Sounds no one else can hear and the solutions for them
Most of us have probably had ringing in our ears, also known as tinnitus, at some point. Tinnitus can also appear as hissing, buzzing, roaring, clicking, or humming sounds. When tinnitus becomes a chronic issue, it’s important to determine the root cause. While you may not be able to eliminate the problem, there are natural solutions to lessen the severity of the condition.
A sound masking device makes an external sound at a higher pitch than tinnitus. They provide background noise so that it drowns out the sound of tinnitus. Traditional devices are used as table-top or beside machines. However, just about anything that makes background noise can provide relief from tinnitus. This could include a television, music, sound machines, or fans. This support has been sown to be effective in proving temporary relief by reducing tinnitus magnitudes.
Neurofeedback is a way to control your body temperature and brainwaves by regulating your brain activity. It’s a noninvasive procedure that uses sensors placed along the scalp to measure a person’s brainwave activity. Sounds and visual components are then used to readjust and retrain brain signals. Although more research needs to be done on neurofeedback’s effects on tinnitus, results are promising so far, and it’s starting to be more widely accepted as a viable treatment.

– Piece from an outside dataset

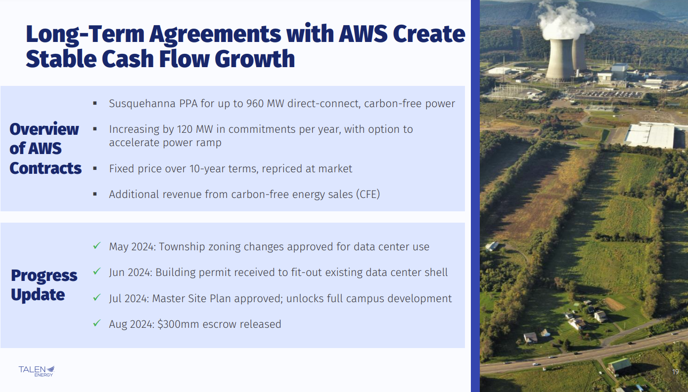 And in January, Amazon Web Services acquired a data center attached to Talen Energy's nuclear plant. Talen Energy will sell power to AWS.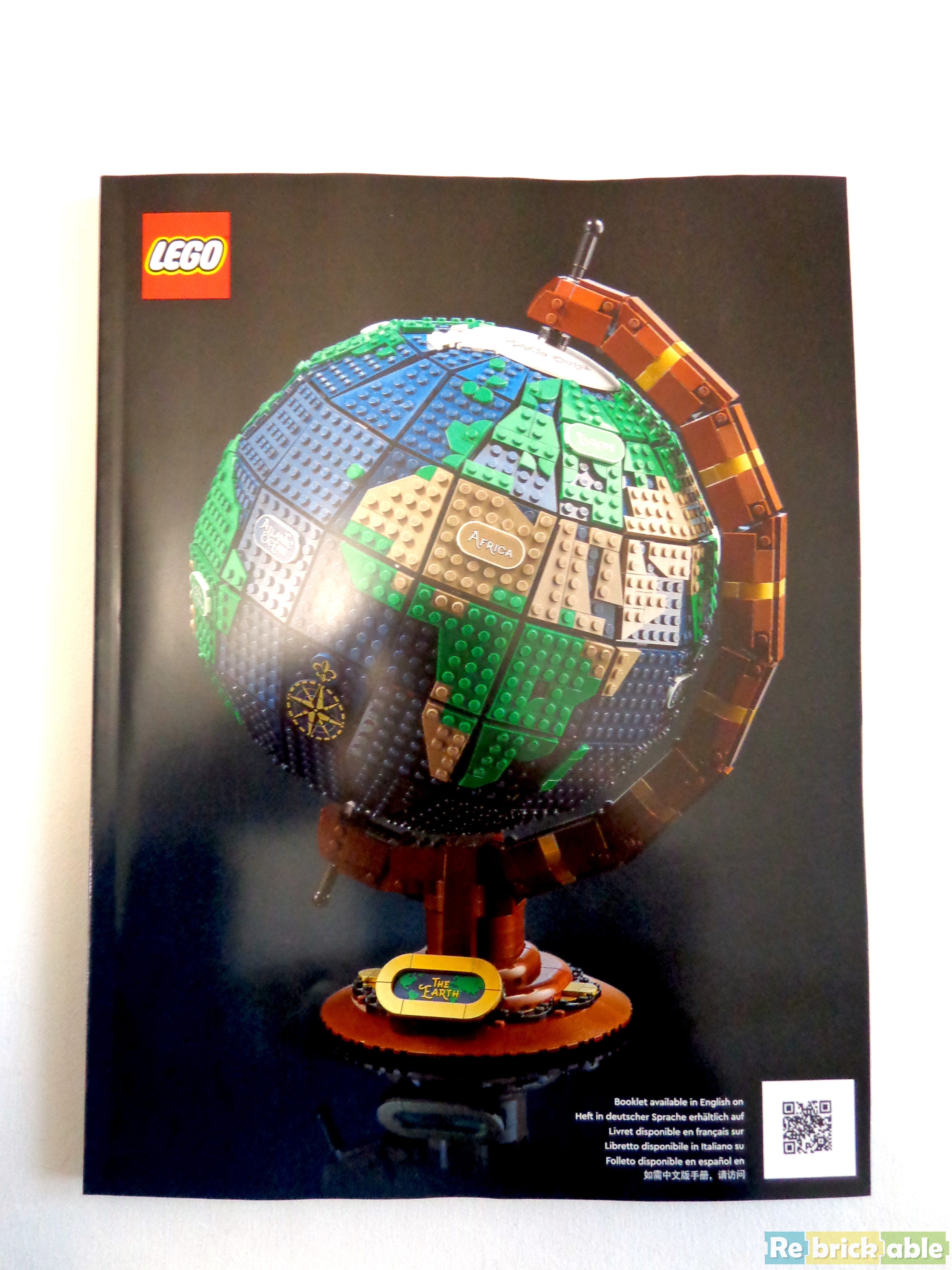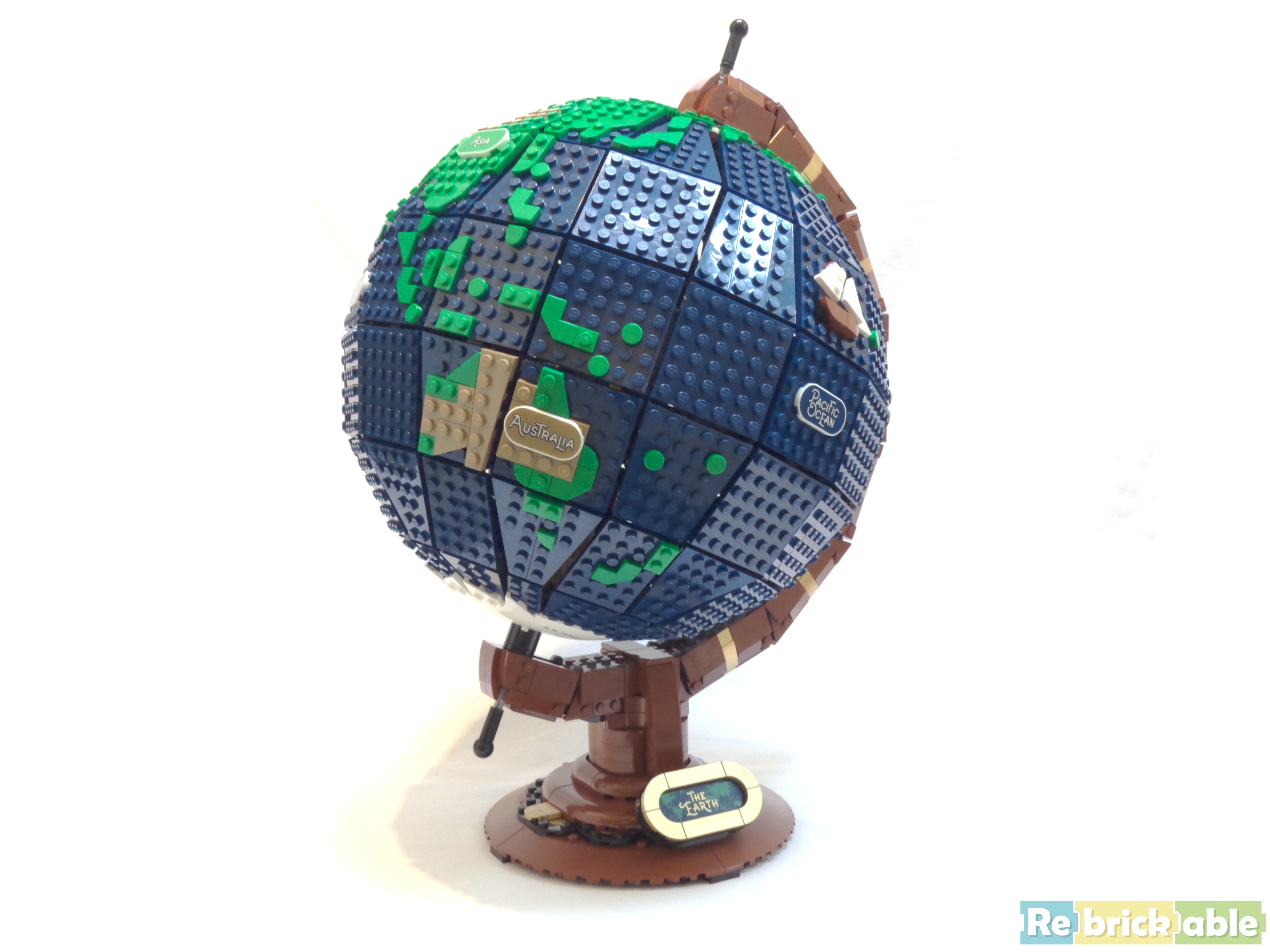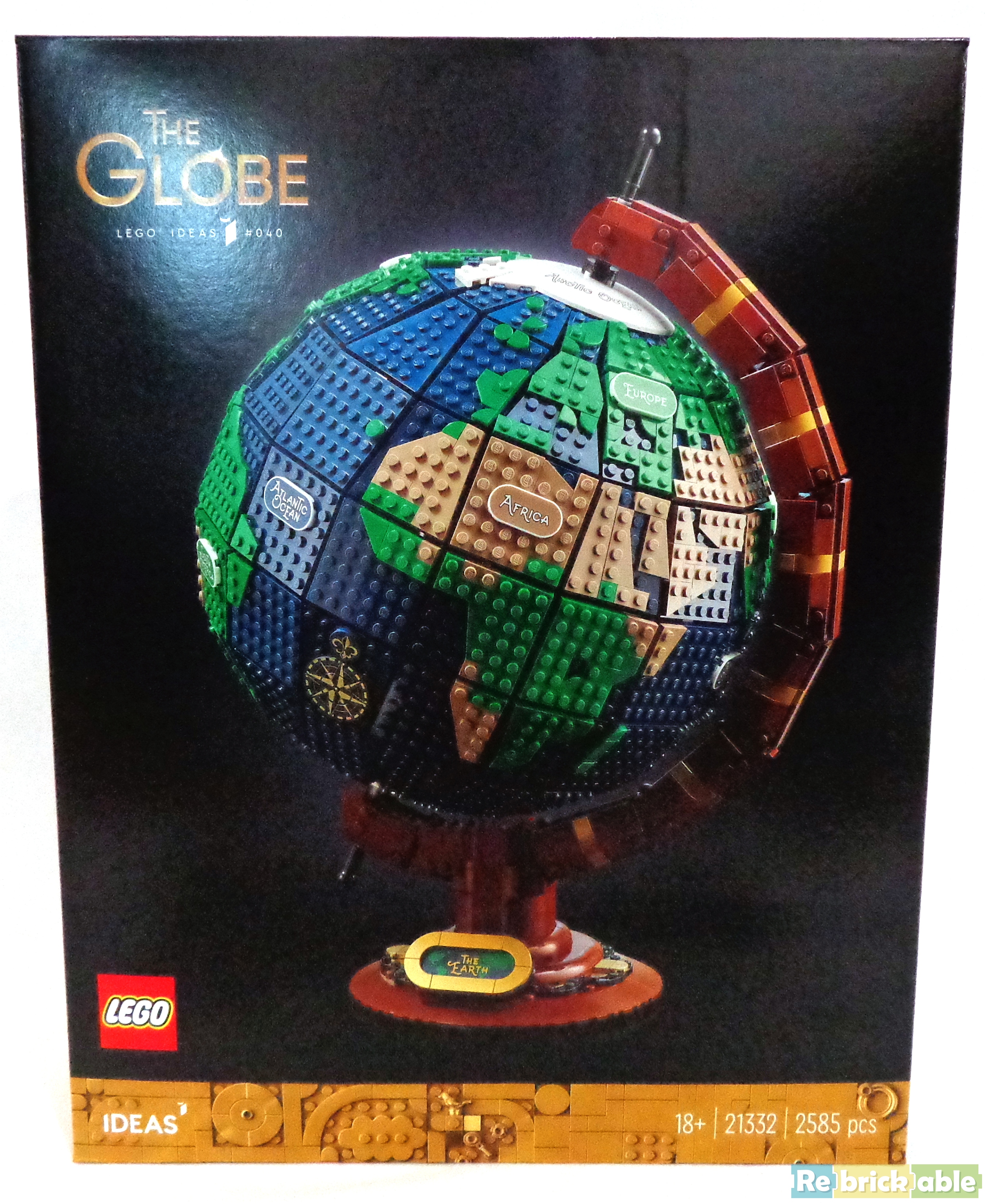 The 2585-piece set beautifully shows a realistic, customizable vintage brick-built earth globe, with printed names of the continents and oceans that glow in the dark so you can display and see the world at every moment. In addition, once built the set spins, a first for a LEGO globe at this scale.

This is a fairly new device aimed at reducing tinnitus by using bimodal neuromodulation. The device plays sounds through headphones while delivering mild electrical currents to the tongue. This may result in long-term changes in the brain to decrease tinnitus. In the study conducted over 12 weeks, participants experienced a significant reduction in their tinnitus without any adverse side effects reported.
Sometimes tinnitus can be caused by hearing loss from loud noises, medications that damage the nerves in your ears, infections, or aging. If your tinnitus is a result of hearing loss, a hearing aid may provide you with some relief. Hearing aids can allow you to hear external noise better, which can help quiet the internal noise of your tinnitus.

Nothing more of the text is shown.